Executive Editor Michael Hodges is doing the very worst things on offer in London, so you don’t have to. This week, number 854, sharing a restaurant with a group of City boys…
Someone else’s arse is eating my meal and I could do without it. Frankly, these are tough enough times for London’s diners as it is. Most of us are pretty much skint, and if we can afford to go out for a meal we must take on an increasingly unlikely array of dining concepts that began simply with pop-up burger bars and moved quickly to Peruvian cheese shacks, mobile tandooris mounted on mopeds and, coming soon – if rumours are to be believed – the opening in Penge of London’s premier, and so far only, Hawaiian omelette concession (if you’ve never had one, they’re heavy on the pineapple and light on the eggs. Essentially, it’s pineapple). Occasionally these concepts work, like the trend for tapas and small portions. If you find enough money to buy yourself a meal or, even better, someone else finds enough money to buy you a meal, this is a great way to eat Spanish food, mainly, I suppose, because tapas is Spanish.

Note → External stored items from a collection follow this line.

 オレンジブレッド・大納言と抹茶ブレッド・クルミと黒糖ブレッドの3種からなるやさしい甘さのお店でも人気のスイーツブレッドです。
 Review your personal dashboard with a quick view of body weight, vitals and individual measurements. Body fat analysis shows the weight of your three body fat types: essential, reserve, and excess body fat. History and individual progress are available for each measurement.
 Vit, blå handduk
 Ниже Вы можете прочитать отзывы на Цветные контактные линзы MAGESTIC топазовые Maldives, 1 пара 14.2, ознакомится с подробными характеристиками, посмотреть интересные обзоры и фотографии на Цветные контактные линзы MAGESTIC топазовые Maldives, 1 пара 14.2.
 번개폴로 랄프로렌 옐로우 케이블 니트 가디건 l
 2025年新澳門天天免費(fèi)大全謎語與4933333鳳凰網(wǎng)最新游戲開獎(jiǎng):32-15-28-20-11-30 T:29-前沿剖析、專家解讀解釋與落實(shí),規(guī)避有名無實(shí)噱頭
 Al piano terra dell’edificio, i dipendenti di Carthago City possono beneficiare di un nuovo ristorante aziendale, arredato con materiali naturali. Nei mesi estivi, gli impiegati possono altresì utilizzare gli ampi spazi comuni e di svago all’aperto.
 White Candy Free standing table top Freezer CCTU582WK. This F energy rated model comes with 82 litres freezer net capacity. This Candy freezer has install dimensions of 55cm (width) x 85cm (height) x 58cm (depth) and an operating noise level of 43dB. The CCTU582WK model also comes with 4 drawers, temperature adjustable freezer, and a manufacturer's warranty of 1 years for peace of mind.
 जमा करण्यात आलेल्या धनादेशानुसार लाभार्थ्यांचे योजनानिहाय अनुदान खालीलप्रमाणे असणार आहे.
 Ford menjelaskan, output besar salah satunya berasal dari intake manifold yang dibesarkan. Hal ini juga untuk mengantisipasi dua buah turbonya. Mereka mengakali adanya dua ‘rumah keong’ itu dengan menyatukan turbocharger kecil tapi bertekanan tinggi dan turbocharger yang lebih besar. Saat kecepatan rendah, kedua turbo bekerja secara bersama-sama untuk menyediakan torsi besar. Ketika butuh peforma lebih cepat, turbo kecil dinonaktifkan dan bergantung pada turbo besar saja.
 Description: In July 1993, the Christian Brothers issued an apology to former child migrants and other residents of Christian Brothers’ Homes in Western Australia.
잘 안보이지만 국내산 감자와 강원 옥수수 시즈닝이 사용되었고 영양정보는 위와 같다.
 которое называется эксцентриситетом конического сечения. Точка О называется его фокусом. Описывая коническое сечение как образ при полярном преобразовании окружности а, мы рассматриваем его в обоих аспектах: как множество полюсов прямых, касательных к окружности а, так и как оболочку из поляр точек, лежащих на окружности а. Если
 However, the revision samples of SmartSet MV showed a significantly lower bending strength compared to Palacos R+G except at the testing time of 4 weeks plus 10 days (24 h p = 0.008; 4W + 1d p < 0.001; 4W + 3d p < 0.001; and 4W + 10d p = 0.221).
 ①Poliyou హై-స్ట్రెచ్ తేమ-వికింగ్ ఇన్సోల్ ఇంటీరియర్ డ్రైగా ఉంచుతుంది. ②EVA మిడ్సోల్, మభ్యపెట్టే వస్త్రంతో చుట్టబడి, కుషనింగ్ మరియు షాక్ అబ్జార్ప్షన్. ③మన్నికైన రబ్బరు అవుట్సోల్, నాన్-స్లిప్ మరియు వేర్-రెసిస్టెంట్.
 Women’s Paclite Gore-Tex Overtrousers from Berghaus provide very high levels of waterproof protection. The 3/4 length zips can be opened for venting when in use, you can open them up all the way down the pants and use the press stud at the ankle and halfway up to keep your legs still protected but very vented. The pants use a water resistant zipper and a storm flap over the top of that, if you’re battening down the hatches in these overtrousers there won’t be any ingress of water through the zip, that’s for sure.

I’m in a place that serves Middle Eastern and Spanish food. The restaurant is very narrow, essentially a corridor with a bar down one side and a line of tables down the other. It’s quite late, so some of the people in here are waving their hands about and laughing. But as long as everyone maintains the minimum of goodwill and consideration toward their fellow Londoners, it works.
Then the three giant City boys arrive. They do not maintain the minimum of goodwill and consideration toward their fellow Londoners. They barge and bounce their way down the corridor, knocking people and chairs out of the way as they go. The waitress, a civilised and attractive person from a country where they don’t have people like the three giant City boys, is astonished by their behaviour and momentarily looks as if she will cry, before she recovers her composure and guides them to their table. It is next to mine.
The giant City boys are in very high spirits. It isn’t bonus time yet, so I presume that they’ve just contrived the collapse of a third-world country’s currency, condemning millions of already impoverished citizens to abject misery and, possibly, starvation. Naturally, to celebrate, they want to eat a lot of food and drink a lot of drink.
As the baby squid, quail’s eggs, pardon peppers and mini pitas on my table suggest, this food is not aimed at those expecting massive platters of nosh. So when the three giant City boys’ order arrives, it’s met with brays of anger, hoots of derision and trumpetings of dismay. There is not enough, so they order everything else on the menu. And the specials board. Then they start to eat. Shovelling up great gobs of hummus and nobs of black pudding, they force the food into their mouths then splutter it out on those sitting around them. Soon I hear the almost – but sadly not quite – imperceptible plop of a small object from another’s mouth landing in my wine.
More food comes, but the giant City boys have decided to dance. They careen around the corridor for a minute before coming, panting, to a halt by my table again. A giant backside hovers over my food. The small candle on my table flickers on bravely, but to no avail. I look up for the sobbing waitress, but, along with the other diners, she has fled – it’s just me and the giant arse now. Inexorably and with the force of tectonic plates colliding, it starts the unstoppable journey down and on to my baby squid. Michael Hodges
Also not recommended: Five more unsettling London eating experiences
Eleanour Bull’s Bar and Diner, Deptford
Spring 1593 and playwright, boy-fancier and occasional spy Christopher Marlowe joins fellow south Londoners for a boozy lunch. All goes well until he queries the bill and is run through with a sword.
Savoy Dining Room, The Strand
October 2002 sees dying screen legend and hellraiser Richard Harris taken from his Savoy suite by paramedics. He bids them stop by the queue for dinner. Harris whispers from his stretcher, ‘It was the food.’
Mrs Cracknall’s Bakery and Bunhouse, Deptford (again!)
Deptford 1867, and puckish locals are dismayed when Mrs Cracknell’s eponymous bun house is overrun by an angry rabble which sees off the police and takes all the bread. And buns.
Birdcage Tavern, Bethnal Green
June, 1848, East Enders about to enjoy a pie and pint are thwarted when 500 furious Chartists arrive. It takes a squadron of mounted policemen with swords to restore order – by which time the pies are cold.
AD 60, and Roman and Celt alike are tucking into larks’ tongues at Britannia’s premier outdoor food concession when Queen Boudica’s rebel army arrives and kills absolutely everyone.